* What to do
From the first line of the listing below, retype each line up to and including the one with "A copy of the"; pictures stay out.

* Dataset entries
↓↓↓
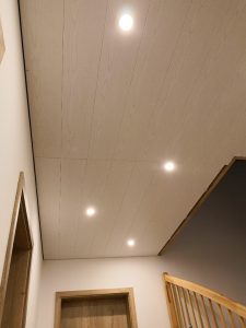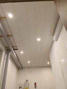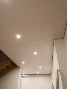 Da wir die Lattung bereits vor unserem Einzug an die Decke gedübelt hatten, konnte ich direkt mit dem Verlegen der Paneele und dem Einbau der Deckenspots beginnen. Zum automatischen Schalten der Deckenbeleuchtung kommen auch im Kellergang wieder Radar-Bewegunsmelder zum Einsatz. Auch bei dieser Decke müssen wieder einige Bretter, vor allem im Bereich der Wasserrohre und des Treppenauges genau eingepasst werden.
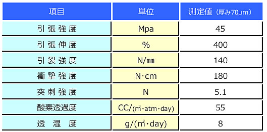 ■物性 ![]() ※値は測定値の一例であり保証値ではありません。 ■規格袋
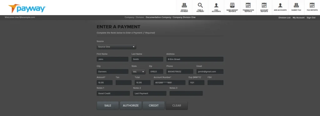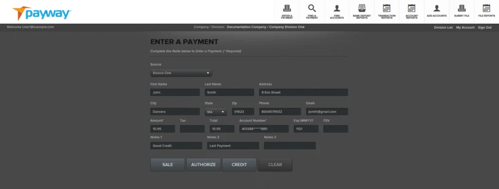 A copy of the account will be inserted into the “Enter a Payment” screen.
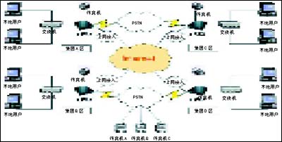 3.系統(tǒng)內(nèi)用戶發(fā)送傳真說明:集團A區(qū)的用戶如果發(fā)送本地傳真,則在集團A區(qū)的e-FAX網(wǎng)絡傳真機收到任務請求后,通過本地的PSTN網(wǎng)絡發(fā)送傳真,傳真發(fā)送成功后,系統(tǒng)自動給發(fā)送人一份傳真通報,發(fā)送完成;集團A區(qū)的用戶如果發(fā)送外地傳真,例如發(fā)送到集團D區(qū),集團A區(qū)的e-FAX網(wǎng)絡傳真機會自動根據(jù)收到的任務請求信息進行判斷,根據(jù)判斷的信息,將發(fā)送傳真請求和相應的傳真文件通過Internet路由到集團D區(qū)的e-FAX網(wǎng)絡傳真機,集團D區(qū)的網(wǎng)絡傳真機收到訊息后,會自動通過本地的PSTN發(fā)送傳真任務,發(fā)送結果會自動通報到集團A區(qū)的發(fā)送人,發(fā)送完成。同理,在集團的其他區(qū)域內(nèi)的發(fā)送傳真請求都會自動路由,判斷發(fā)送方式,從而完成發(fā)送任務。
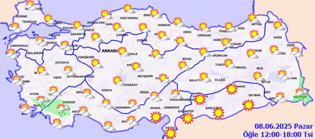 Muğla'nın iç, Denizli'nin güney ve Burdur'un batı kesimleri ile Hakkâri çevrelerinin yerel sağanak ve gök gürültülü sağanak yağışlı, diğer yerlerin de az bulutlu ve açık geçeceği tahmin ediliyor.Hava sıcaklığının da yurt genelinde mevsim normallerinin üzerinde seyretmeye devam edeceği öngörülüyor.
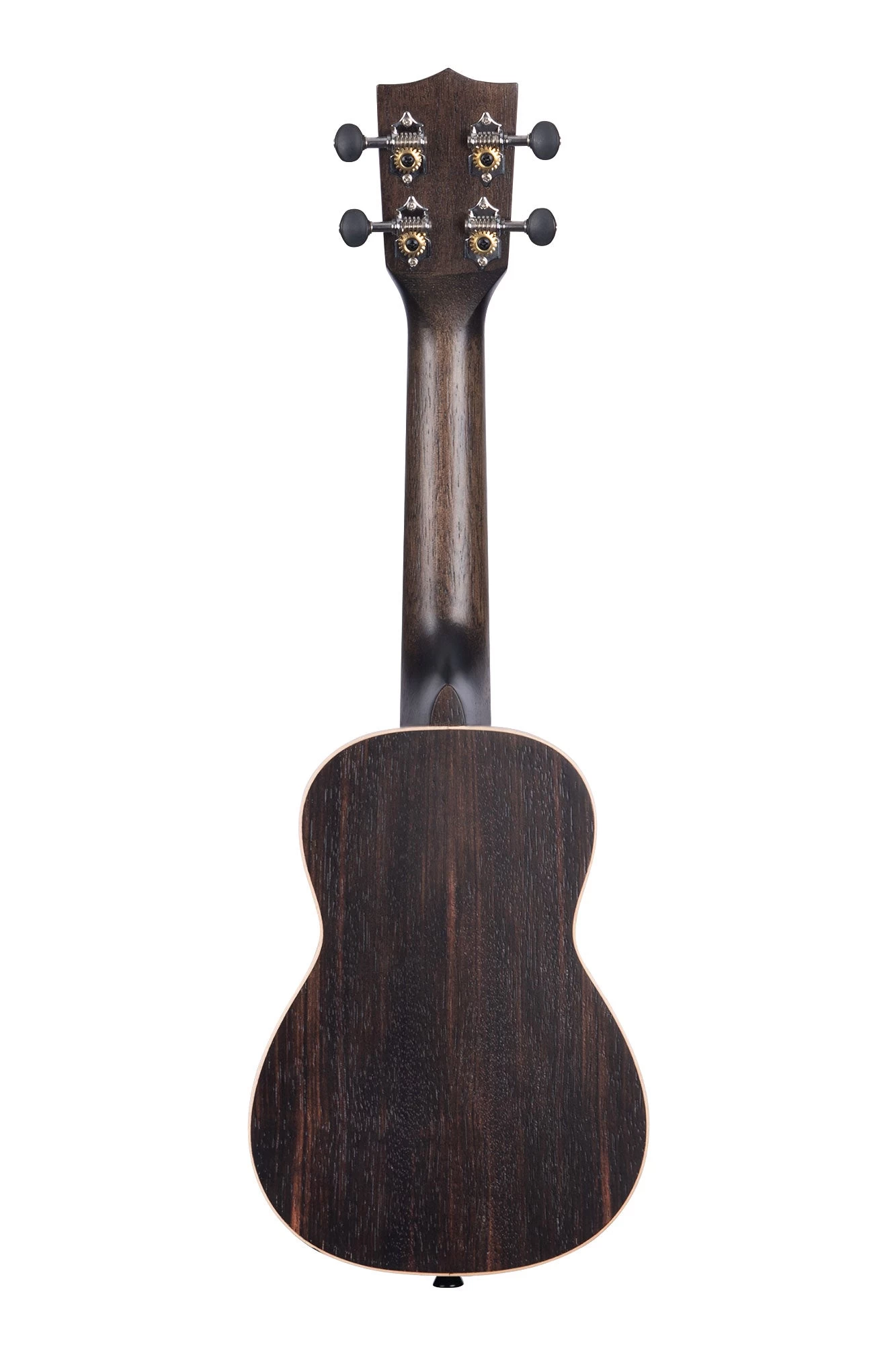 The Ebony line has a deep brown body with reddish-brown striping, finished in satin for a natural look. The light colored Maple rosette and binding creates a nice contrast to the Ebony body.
↑↑↑
* Written response
 Da wir die Lattung bereits vor unserem Einzug an die Decke gedübelt hatten, konnte ich direkt mit dem Verlegen der Paneele und dem Einbau der Deckenspots beginnen. Zum automatischen Schalten der Deckenbeleuchtung kommen auch im Kellergang wieder Radar-Bewegunsmelder zum Einsatz. Auch bei dieser Decke müssen wieder einige Bretter, vor allem im Bereich der Wasserrohre und des Treppenauges genau eingepasst werden.
 ■物性 ![]() ※値は測定値の一例であり保証値ではありません。 ■規格袋
 A copy of the account will be inserted into the “Enter a Payment” screen.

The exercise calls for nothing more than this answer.